▶ _What the exercise asks_
What should come back is the data below, word for word, minus any picture.

··········

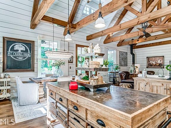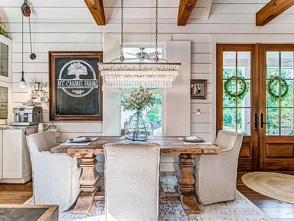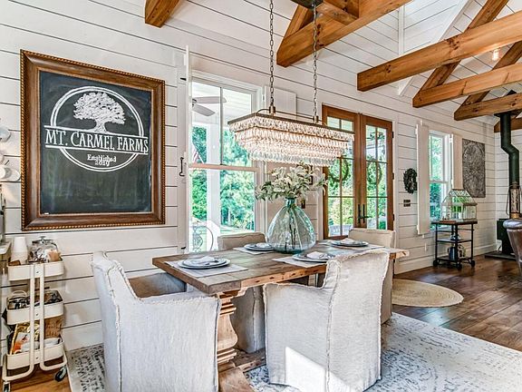 Mt. Carmel Farms offers an immediate self-sustainable lifestyle with magazine worthy beauty and charm.A true homestead;2 beautiful homes on the 12.49 acres.The main house on the property is currently featured in Farmhouse Style magazine.The main house has geothermal heating and cooling, envelope blown insulation,Kolbe windows, wood burning stove, backup generator,low maintenance cement siding,brick porches and metal roof.The open concept family room has a high ceiling with stained beams and shiplap walls. Carrera marble countertops adorn white cabinets in the kitchen.The wide plank hickory floors run throughout the main living and owners suite area. Master bedroom has an enormous walk-in closet. Up a small set of stairs lies an amazing woman's dressing room.This room could also serve as a beautiful nursery, if needed.The second bedroom on the main floor is part of the bunkhouse.It can be totally closed off until needed, it is on separate heating and cooling zones. The bunkhouse has 6 built-in bunks with each their own electrical outlet, personal fan and privacy drape make great hideaways for children or a great teen hangout. The upstairs of the bunkhouse is an additional large bedroom.A three car garage/shop has heating and AC, racedec flooring,high ceilings and car lift.Huge side covered porch overlooks beautiful pasture.43x17 foot RV parking pad with 50 amp outlet.The guesthouse has 2 beautifully decorated bedrooms,full kitchen,full bath,laundry,living room and side porch. It also has an outdoor shower and covered parking with circular drivee.This is an amazing "must-see" property.
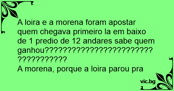 A loira e a morena foram apostar quem chegava primeiro la em baixo de 1 predio de 12 andares sabe quem ganhou???????????????????????????????????
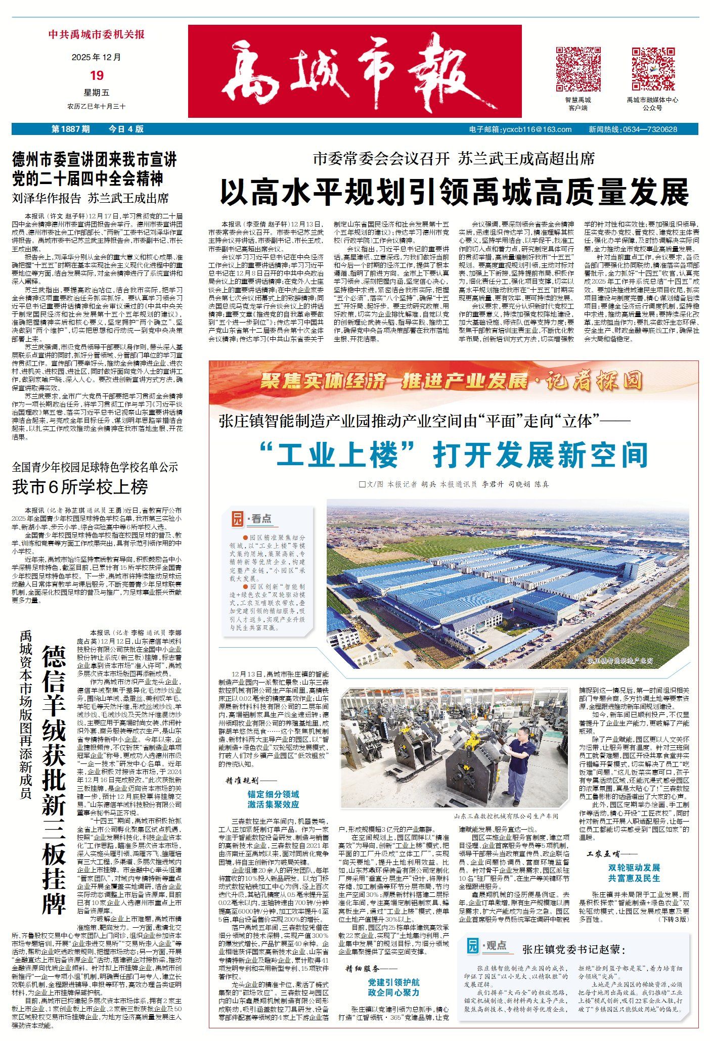 ▶聚焦实体经济 推进产业发展·记者探园 | 禹城张庄镇:“工业上楼” 打开发展新空间。(查看详情)
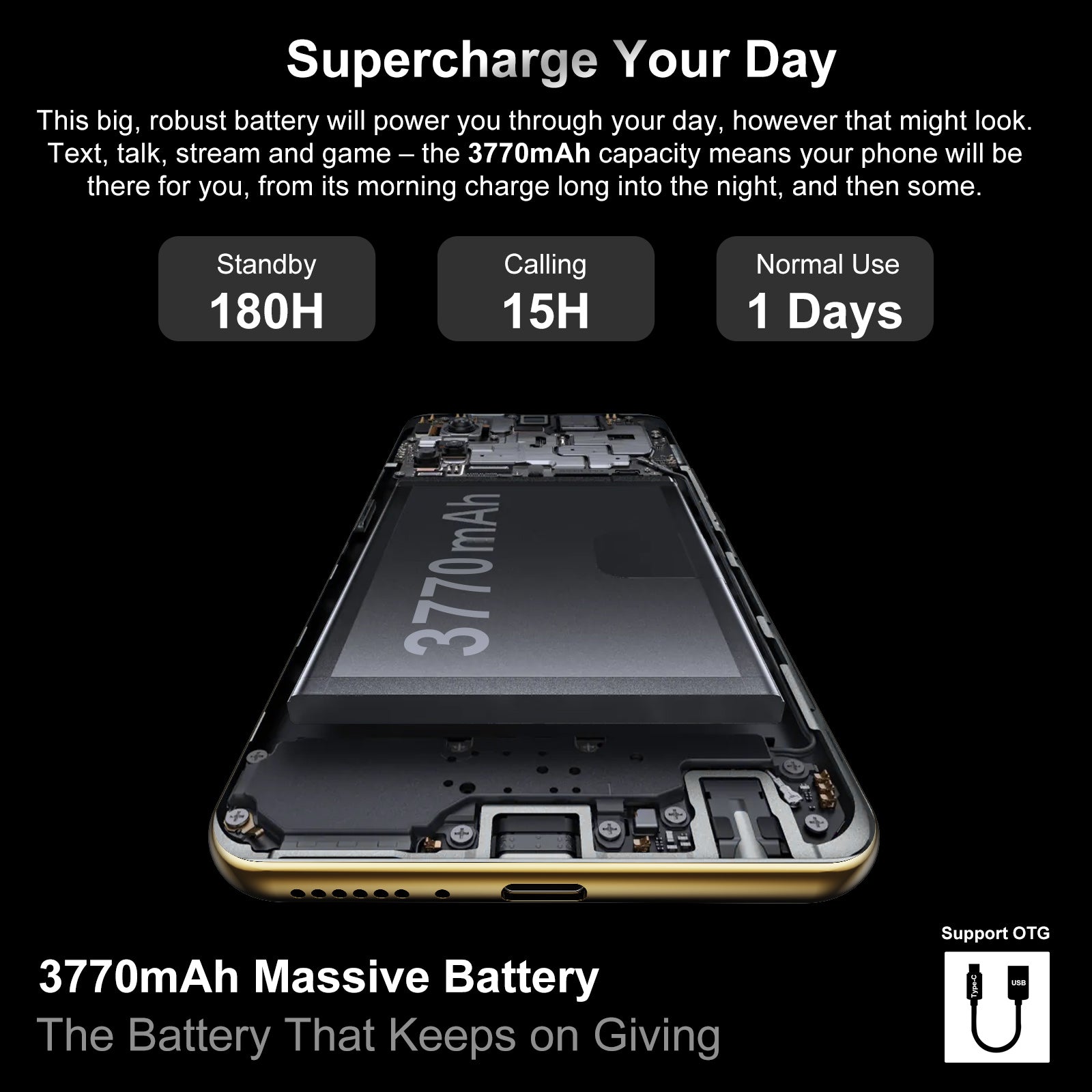 7. Long-lasting Power: Tackle your day confidently with a 4000mAh battery.
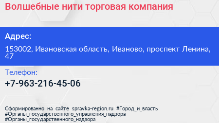 Волшебные нити, торговая компания по адресу 153002, Ивановская область, Иваново, проспект Ленина, 47 в дальнейшем Организация, размещена в следующих категориях:
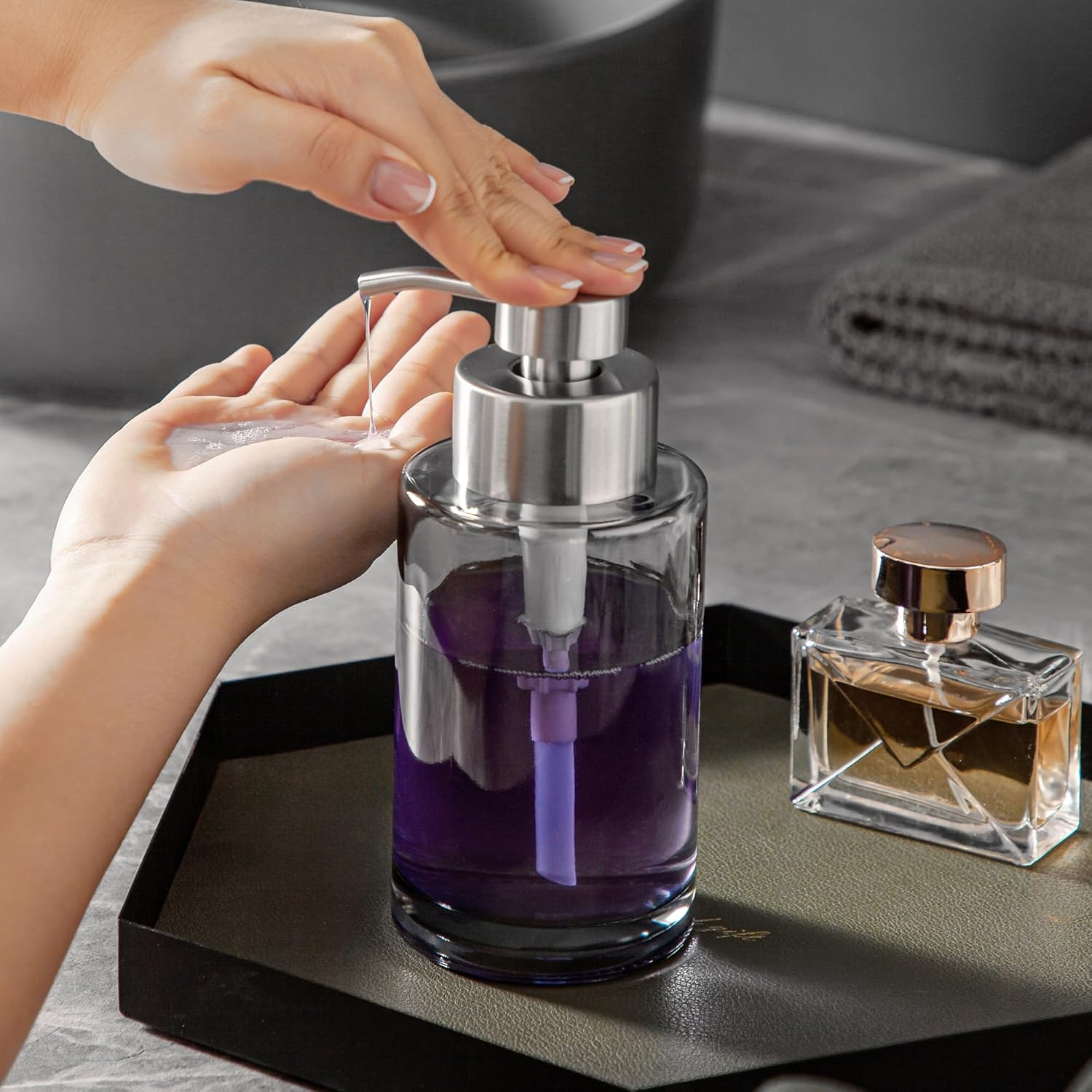 Enra Thick Glass Soap Dispenser with Stainless Steel Pump, 12oz Bathroom & Kitchen (Silver)

··········

▶ _Expected answer_
 Mt. Carmel Farms offers an immediate self-sustainable lifestyle with magazine worthy beauty and charm.A true homestead;2 beautiful homes on the 12.49 acres.The main house on the property is currently featured in Farmhouse Style magazine.The main house has geothermal heating and cooling, envelope blown insulation,Kolbe windows, wood burning stove, backup generator,low maintenance cement siding,brick porches and metal roof.The open concept family room has a high ceiling with stained beams and shiplap walls. Carrera marble countertops adorn white cabinets in the kitchen.The wide plank hickory floors run throughout the main living and owners suite area. Master bedroom has an enormous walk-in closet. Up a small set of stairs lies an amazing woman's dressing room.This room could also serve as a beautiful nursery, if needed.The second bedroom on the main floor is part of the bunkhouse.It can be totally closed off until needed, it is on separate heating and cooling zones. The bunkhouse has 6 built-in bunks with each their own electrical outlet, personal fan and privacy drape make great hideaways for children or a great teen hangout. The upstairs of the bunkhouse is an additional large bedroom.A three car garage/shop has heating and AC, racedec flooring,high ceilings and car lift.Huge side covered porch overlooks beautiful pasture.43x17 foot RV parking pad with 50 amp outlet.The guesthouse has 2 beautifully decorated bedrooms,full kitchen,full bath,laundry,living room and side porch. It also has an outdoor shower and covered parking with circular drivee.This is an amazing "must-see" property.
 A loira e a morena foram apostar quem chegava primeiro la em baixo de 1 predio de 12 andares sabe quem ganhou???????????????????????????????????
 ▶聚焦实体经济 推进产业发展·记者探园 | 禹城张庄镇:“工业上楼” 打开发展新空间。(查看详情)
 7. Long-lasting Power: Tackle your day confidently with a 4000mAh battery.
 Волшебные нити, торговая компания по адресу 153002, Ивановская область, Иваново, проспект Ленина, 47 в дальнейшем Организация, размещена в следующих категориях:
 Enra Thick Glass Soap Dispenser with Stainless Steel Pump, 12oz Bathroom & Kitchen (Silver)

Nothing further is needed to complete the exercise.